Finalmente Sarmiento obtuvo su libertad. Cuentan que fue doña Telésfora —a la que había ofendido Sarmiento— la que intercedió por él.
—Benavides, tengo que pedirte un favor- dijo a su esposo, llamándolo por el apellido.
—A una buena moza no se le niega nada. Pero depende de lo que sea...
—El favor se hace sin condiciones o no es favor.
—Bueno, concedido.
—Pues debo decirte que Sarmiento se halla en esta casa y quiero que lo hagas salir y llegar a salvo a Chile.
—¿En mi propia casa?
—Si Benavides, acá está.
El 18 de noviembre Sarmiento partió de San Juan, acompañado por Clemente, su padre, en mulas proporcionadas y aperadas por el propio Benavides, rumbo a Chile.
Al pasar por los baños de Zonda escribió su célebre frase “ont no tue point les idées”, repitiendo la sentencia de Fortoul. Poco antes de morir, el 22 de junio de 1888, Sarmiento le escribió una carta a su amigo don Ignacio S. Flores y en ella hace justicia a su viejo enemigo:
“En la casa de Benavides, su señora viuda pondrá el retrato más grande que tenga del general Benavides, a quien debe San Juan, por su moderación, que no se derramase sangre en su gobierno”.
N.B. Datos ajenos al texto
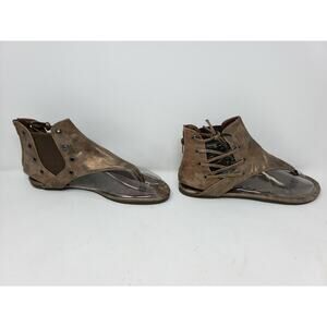 Pierre Dumas Gold Adele 2 Back Zipper Flat Open Toe Sandal Women's Size 10 M
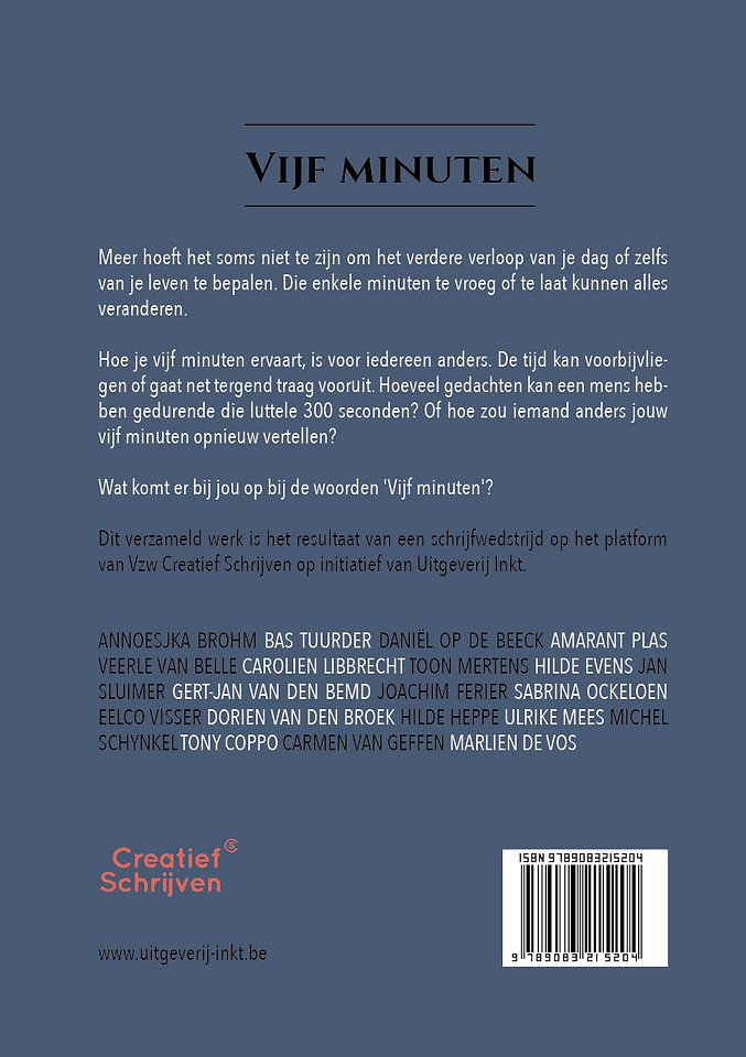 Dit verzameld werk is het resultaat van een schrijfwedstrijd op het platform van Vzw Creatief Schrijven op initiatief van Uitgeverij Inkt.
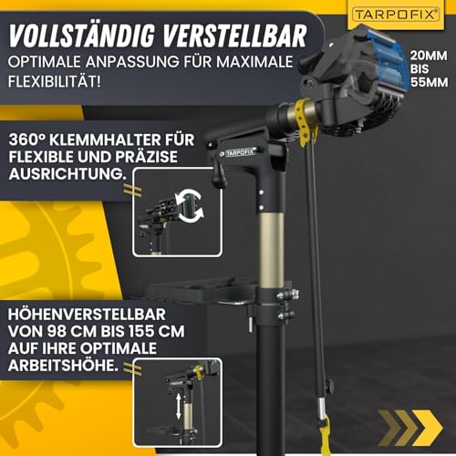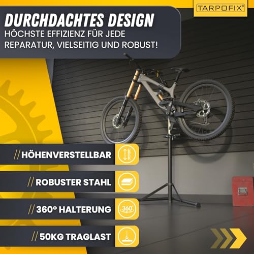 Produktbeschreibung: Tarpofix® Fahrrad Montageständer bis 50kg | Profi Fahrrad Reparaturständer | Montageständer für Fahrräder & E-Bike | Schwerlast Fahrradhalter Ebike | Fahrradständer Reparatur | Fahrradmontageständer
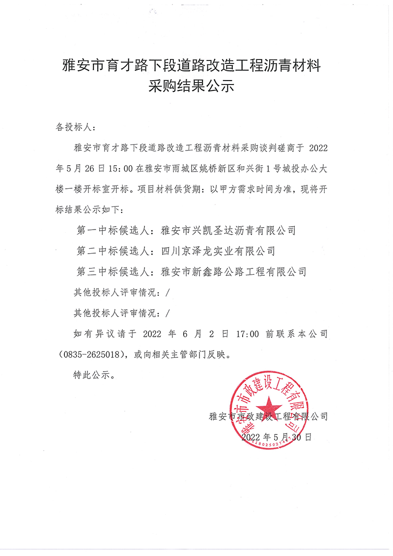 雅安市育才路下段道路改造工程瀝青材料采購結果公示
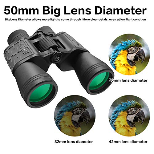 [Professionelles binokulares Fernglas] 10-fache Lupe, 50mm Objektiv. Es bietet Ihnen das perfekte Abguss in einem Distanz von 1000 Yard. Dieses professionelle binokulare Fernglas eignet sich sehr gut für Outdoor-Aktivitäten wie Vogel- und Sternenbeobachtung, Reisen und Jagen. Die klaren und hellen visuellen Effekte eignen sich bekannt als für ferngesteuerte Aktivitäten in Innenräumen wie Konzerte und Sportveranstaltungen.
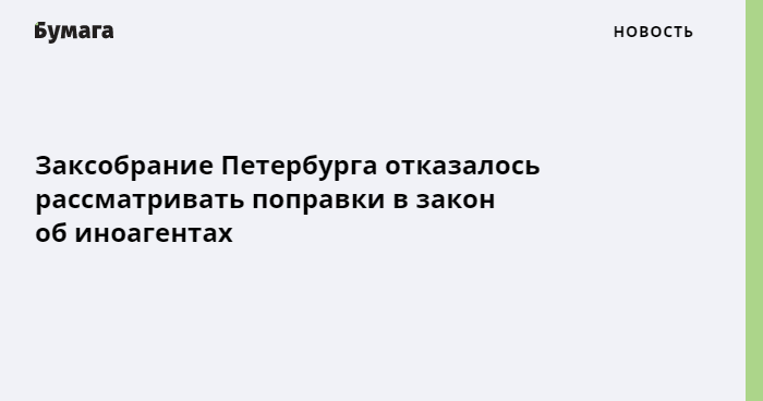 Заксобрание Петербурга отказалось рассматривать поправки в закон об иноагентах
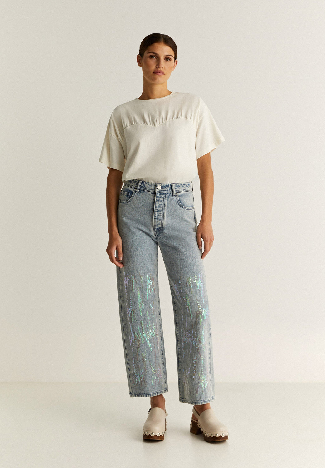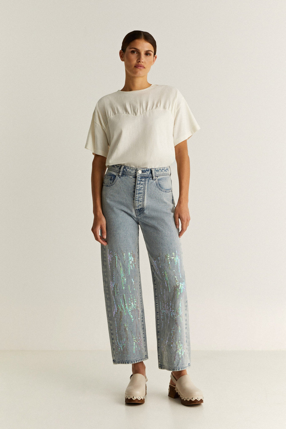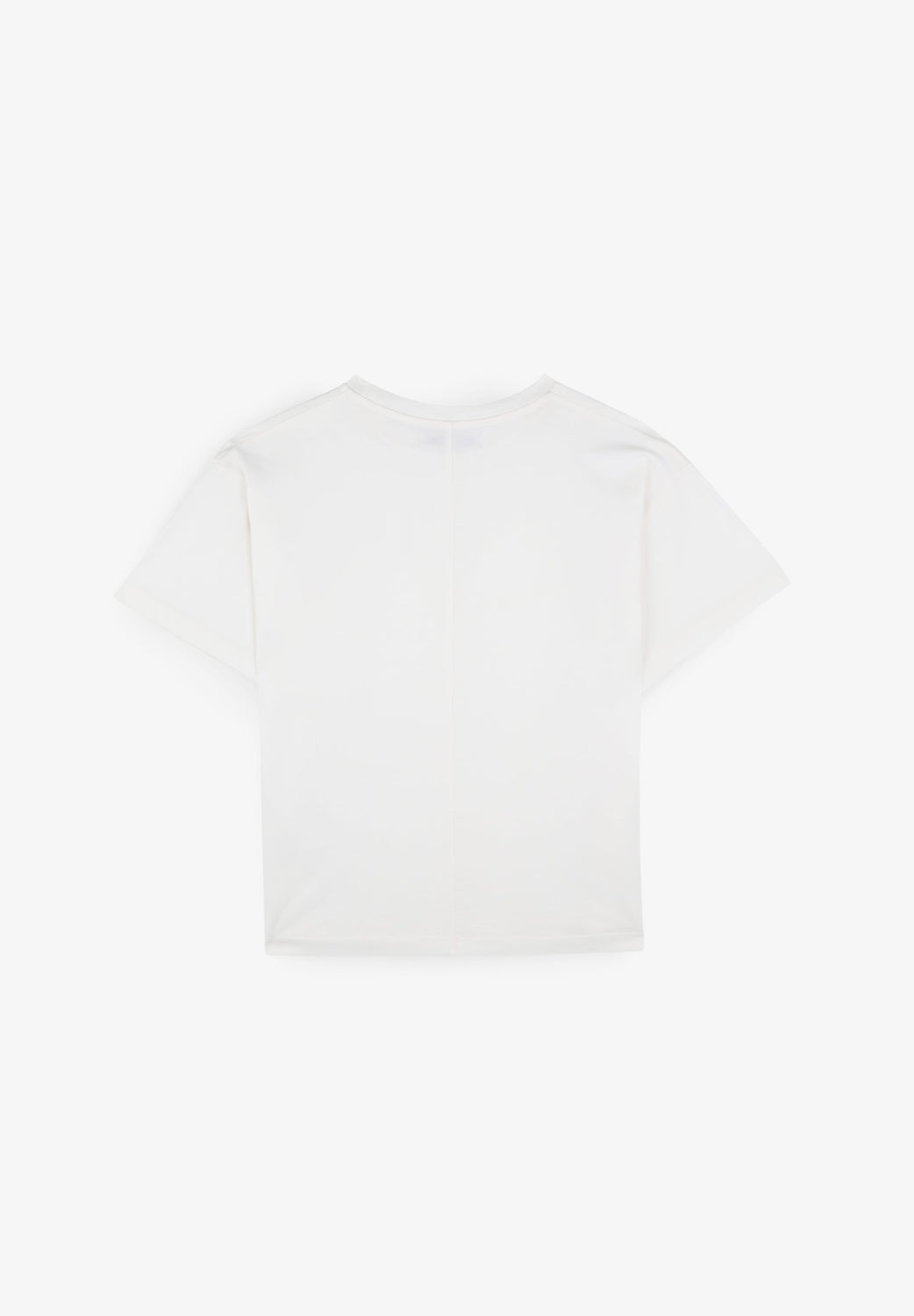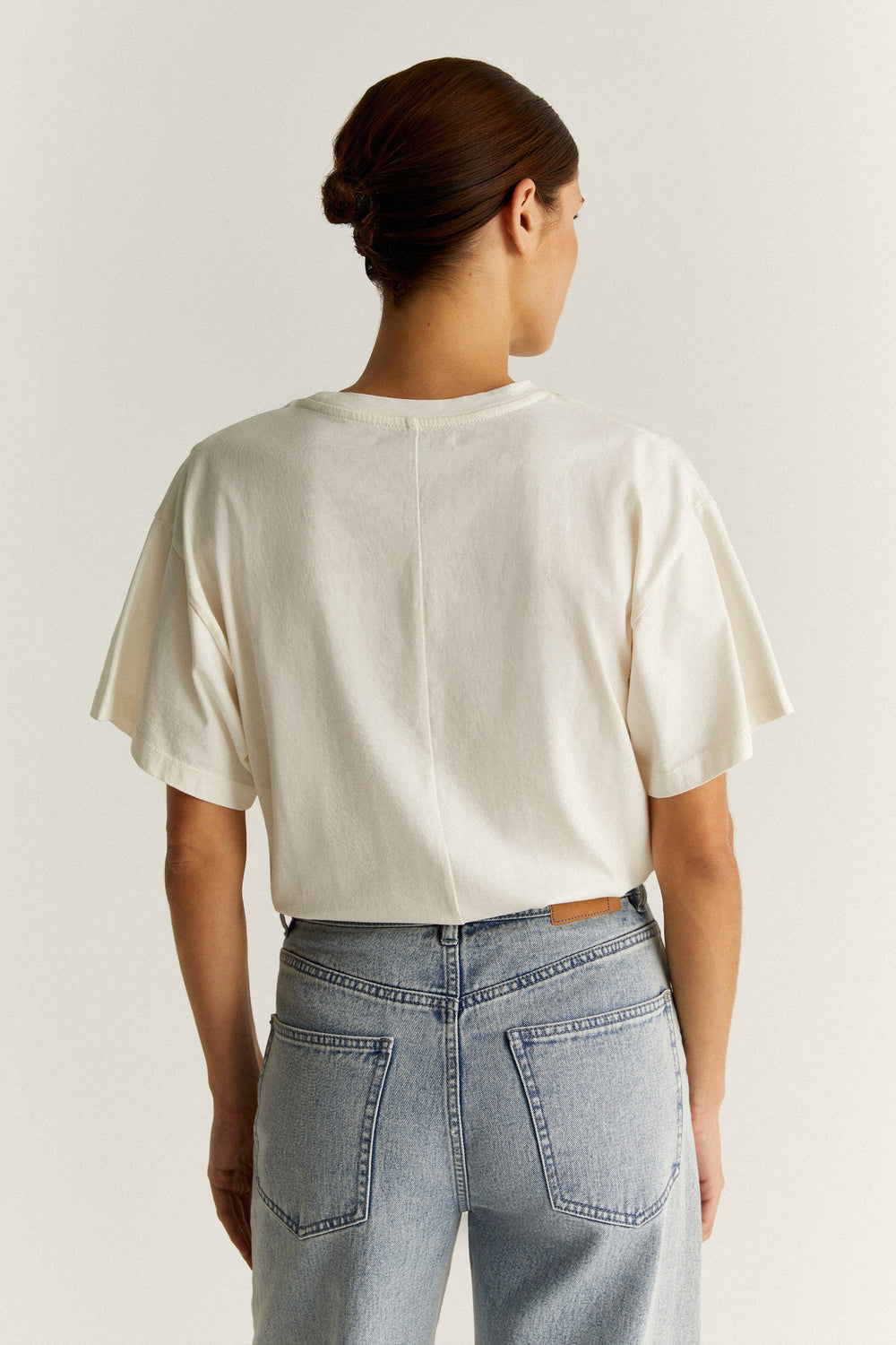Plain-coloured T-shirt with gathered detail on the upper chest.
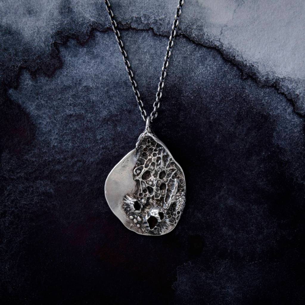 A sterling silver oyster shell, wave-worn, salt-burnished, and imprinted by the tides. Encrusted with textures redolent of untold stories flickering in the perpetual force of ebb and flow. Its bones tangibly altered by the tone and timbre of its lived experience.
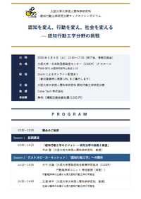 - 認知行動工学研究分野キックオフシンポジウム「認知を変え、行動を変え、社会を変える ─ 認知行動工学分野の挑戦」(5/9)
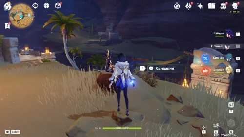 Переведите время на вечер (19:00-22:00), а затем переместитесь в Деревню Аару, поверните направо и пройдите на край выступа. Здесь вы обнаружите Кандакию, играющую на музыкальном инструменте. Поболтайте с ней.
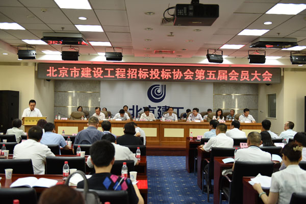 北京市建设工程招标投标协会(以下简称协会)第五届会员大会于6月28日在北京建工大厦顺利进行。市住建委委员陈现忠、市标办、市交易中心、各区县标办及园林、军队、民航、铁路标办相关领导,以及市社团办、市建筑业联合会领导,会员单位代表一百六十余人参加了此次会议。会议由协会副会长张传成主持。

Ya desde su exilio en Chile, el gran maestro había escrito: “Benavides es un hombre frio; a eso debe San Juan haber sido menos ajado que los otros pueblos. Tiene un excelente corazón, es tolerante, la envidia hace poca mella en su espíritu, es paciente y tenaz”. Salvador María del Carril, antiguo cabecilla unitario, no esperó la muerte del jefe federal para escribirle en 1852 una carta muy elogiosa en la que concluía diciendo, “usted en aquella época infausta, estancó la sangre que había corrido a torrentes y dio asilo generoso a los oprimidos sin amparo”.


La ciudad

Ciento dieciseis manzanas (trece cuadras de largo por nueve de ancho) pobladas por casas chatas y sin valor arquitectónico, componían la ciudad de San Juan en la época de Benavides.
Frente a la plaza se alzaba el edificio más importante: la catedral, coronada por sus dos torres y comenzada en 1712 por los padres jesuitas.
Sobre la calle del Cabido (actual General Acha), también frente a la plaza mayor, estaba el Cabildo.
La casa de Benavides, sobre la actual calle Santa Fe, vereda norte, entre Acha y Mendoza, servía de Casa de Gobierno y frente a ella, en diagonal, ocupando la manzana delimitada por las calles Santa Fe, Córdoba, General Acha y Tucumán, estaba el cuartel de San Clemente.
Todas las calles eran de tierra, no había casi árboles ni acequias y eran muy angostas (12 metros de ancho de pared a pared) y sin veredas.
Al llegar la noche, las calles sin iluminación se transformaban en verdaderas “bocas de lobo”.